Нестерпимо яркое солнце заливало Бульмиш. Толпы студентов сновали по бульвару вверх и вниз; шли, как обычно, пестрыми стайками, веселые, шумные, по двое, по трое, толпами. Всё было как всегда, а мне казалось, что всё иначе, по-новому.
Я не помню, как пришла на площадь Парви-Нотр-Дам. Помню, что было мучительно жарко и душно. Солнце сильно припекало, и площадь вся прокалилась. Я стояла у раскрытых дверей Нотр-Дам, потом я вошла внутрь и стояла, прислонясь к колонне, потом пошла в правый придел, села. Как всегда, в соборе Нотр-Дам стояла глубочайшая тишина. И сумрак. И прохлада. И какая-то печальная пустота. В левом приделе, чуть впереди, молились старушка и седовласый старик. В глубине мелькнул кюре, высокий и тонкий, в длинной сутане, и скрылся в боковой двери. Направо от алтаря, вокруг каменной статуи Парижской богоматери, трепетали тонкие свечки. День и ночь пылают они вокруг Мадонны.
Кто-то вошел. Я обернулась. Женщина в глубоком трауре, с опущенной на лицо вуалью. Она вошла в правый придел и, став у соседнего стула, откинула с лица вуаль. Совсем молодая. Преклонила на скамеечку колени, открыла свою книжицу, читает молитвы. Тихо, одними губами. Я смотрела на нее сбоку. Лицо ее было мертвенно-бледно. Я видела, как пальцы у нее дрожат, когда она переворачивает страницы, как вздрагивают плечи. Плачет. Дрожит и плачет. Мне казалось, я слышу ее легкое порывистое дыхание. Она была красива в своем горе, эта женщина, по-настоящему, по-человечески – изнутри.
Потом я вспомнила про экзамен, что провалила, и мне стало скверно. Мне было плохо. Мне было так плохо, что я почувствовала где-то в груди боль даже физическую. И она, эта боль, была так сильна, так нестерпима, что невмоготу мне стало больше оставаться здесь, и я молча попрощалась с женщиной в трауре и пошла из собора. Побрела домой. Идти было далеко и долго, но мне было всё равно. Кружила по тихим улочкам, шла мимо пустынных лавочек, мимо бистро, полосатые тенты которых, горячие от полуденного солнца, были приспущены.
Вошла в какой-то скверик, села на скамейку. Подул ветерок, потянуло прохладой с Сены. На площадке мальчишки перекидывались мячом под жарким солнцем; прячась в тени, мамы, ловко орудуя спицами, судачили. В просвете между деревьями сверкали на солнце жиденькие фонтаны. А дальше, за деревьями – зеленая изгородь и дома на площади. Дома желтые, словно прокаленные солнцем.

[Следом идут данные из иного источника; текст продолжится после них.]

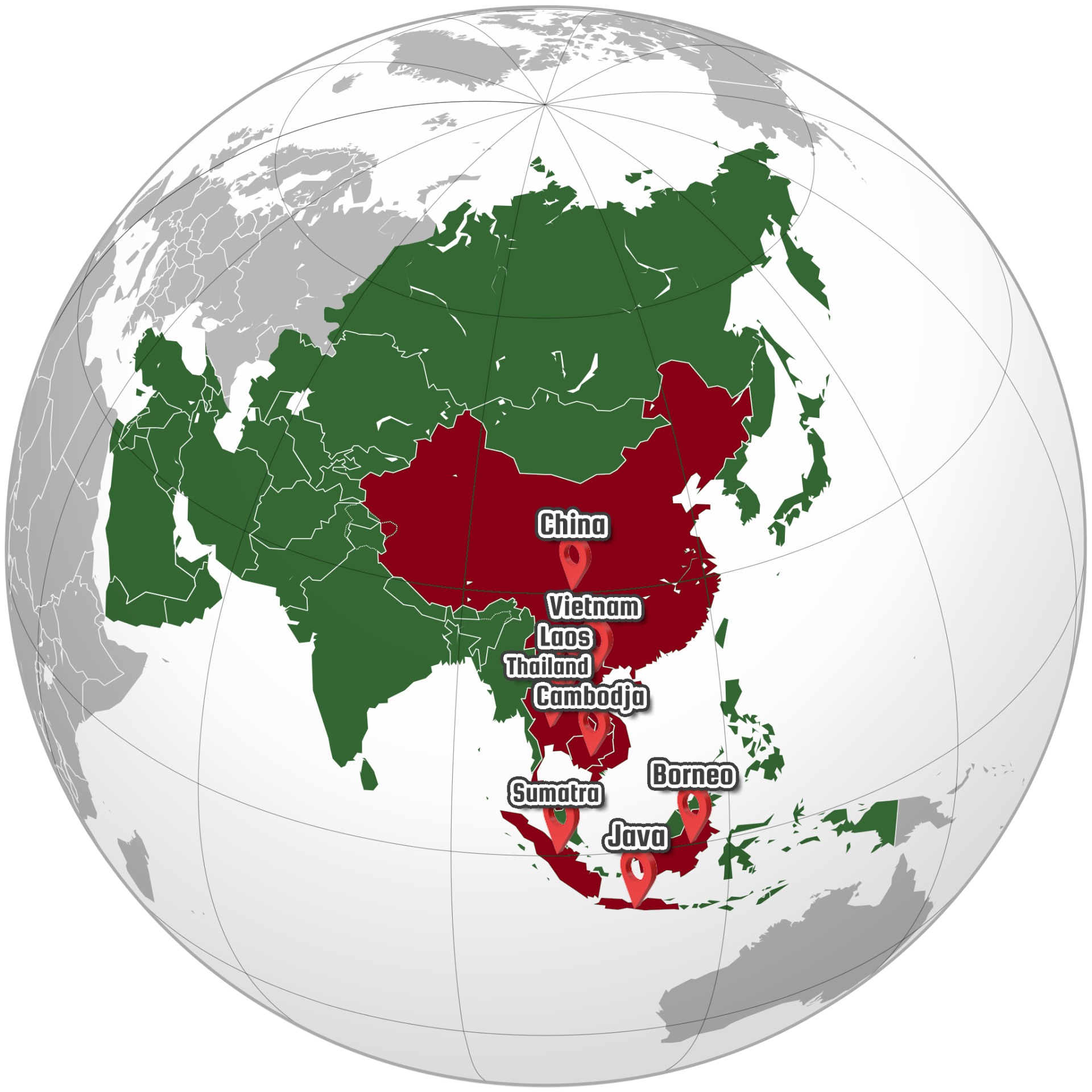 Landen: China, Laos, Thailand, Cambodja, Vietnam en Indonesië (Borneo, Java en Sumatra).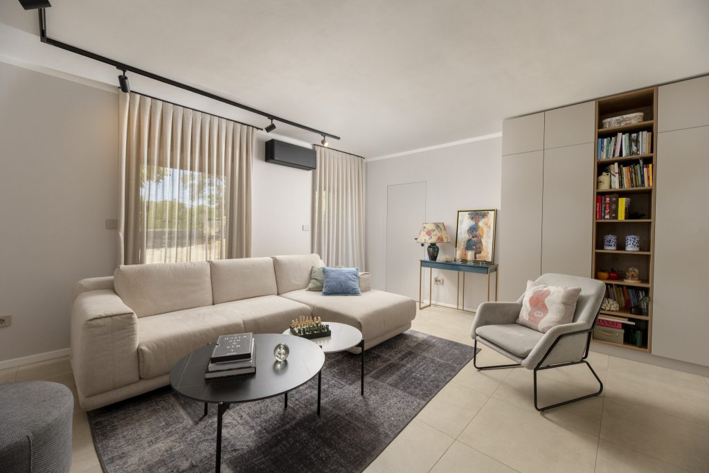 Blagovaonica je zamišljena kao prijelazna zona između kuhinjskog i dnevnog dijela, potičući povezanost i neometan protok kretanja, dok dnevni boravak funkcionira kao smirena zona za opuštanje. Neutralna koloristička osnova, meke teksture i pažljivo planirana rasvjeta omogućuju prostoru da se prilagođava različitim scenarijima korištenja – od dnevnog boravka do večernjeg odmora. Velike staklene površine dodatno naglašavaju osjećaj prozračnosti i povezanosti s eksterijerom.

Я закрыла глаза и вдруг с отчетливой ясностью увидела южную ночь, с черным, густо усыпанным звездами небом. Увидела наш домик на Георгиевской, двор, заросший бурьяном, с беседкой и вбитым в землю столом. И наши вечера...
Славные то были вечера! Сидели с мальчишками в беседке и, притаившись, писали прокламации... «Взойдет наше солнце!.. Оно принесет нам освобождение... Оно вернет нам Россию...» И цветными карандашами рисовали «ту сторону», где из-за синего горизонта Черноморского лимана вставало наше Солнце, огромное и необычайно лучистое. Потом ходили по уснувшему городу и клеили листки на заборах и на витринах, и были счастливы и горды...
Где-то в нашем городе действовало глубокое подполье. Где-то в скрытых от постороннего глаза подземных глубинах работали тайные, как подземные ключи, силы, подтачивавшие власть оккупантов. Тасин отец, адвокат, рассказывал об арестах, о страшных истязаниях в застенках. И мы искали ниточку, ведущую в это подполье. Мы тоже хотели действовать. Но мы были малы и нам еще не доверяли.
У нас отняли Россию, но мы тянулись к ней. Люди таились, ждали плебисцита. Жили надеждой: вот-вот...
Я сидела с закрытыми глазами под жгучим солнцем, и мысли мои плыли ровно и тихо, как по мягким волнам. Потом я вспомнила Андрея: «Не русская вы какая-то, Марина... А может, притворяетесь?..» – «У меня по Виктору Гюго, – сказала я тогда: – «Учиться в Париже – родиться в Париже»...»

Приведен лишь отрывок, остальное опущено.